Researchers will enroll an additional 100 patients in this clinical trial from China. The researchers look to launch a similar trial in the United States next year, Zhao said.
“I’d like to congratulate the researchers, not just for the data and the implication, but the science behind the research. It is quite revolutionary,” Michael S. Sabel, MD, FACS, William W. Coon collegiate professor of surgical oncology and chief of the division of surgical oncology at University of Michigan Health Systems, an ASCO expert, said during the press conference.
Sabel emphasized how the study combined personalized medicine and immunotherapy, which is important for patients.
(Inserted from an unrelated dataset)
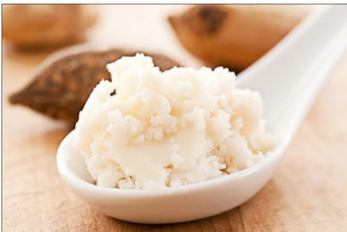
ZoonaSheabutter ist eines der Naturprodukte, das unter anderem für die Haar- und Hautpflege verwendet kann. Weitere Angebote unter www.gut-herbigshagen.de .

Tierversuche, bedenkliche Inhaltsstoffe, Mikroplastik und jede Menge Verpackungsmüll: Es gibt gute Gründe, auf herkömmliche Kosmetik zu verzichten. Bei selbst gemachter Kosmetik bzw. Naturkosmetik weiß man genau, was drinsteckt. Außerdem lassen sich die Cremes, Shampoos und Seifen individuell auf die eigenen Bedürfnisse abstimmen. 18,50 Euro/Person inkl. 6 Euro Materialkosten. Anmeldung bis Freitag, 5. Mai, erforderlich.

“This opens up the door for really using this precision immunotherapy to expand potential of immunotherapy to a wider net of patients,” Sable said. “Obviously, there is more research to be done ... and work in terms of making the therapy more accessible to patients.” – by Melinda Stevens
Reference:
Fan F, et al. Abstract LBA3001. Presented at: ASCO Annual Meeting; June 2-6, 2017; Chicago.
Disclosure: Zhao reports no relevant financial disclosures. Please see the abstract for a list of all other researchers’ relevant financial disclosures.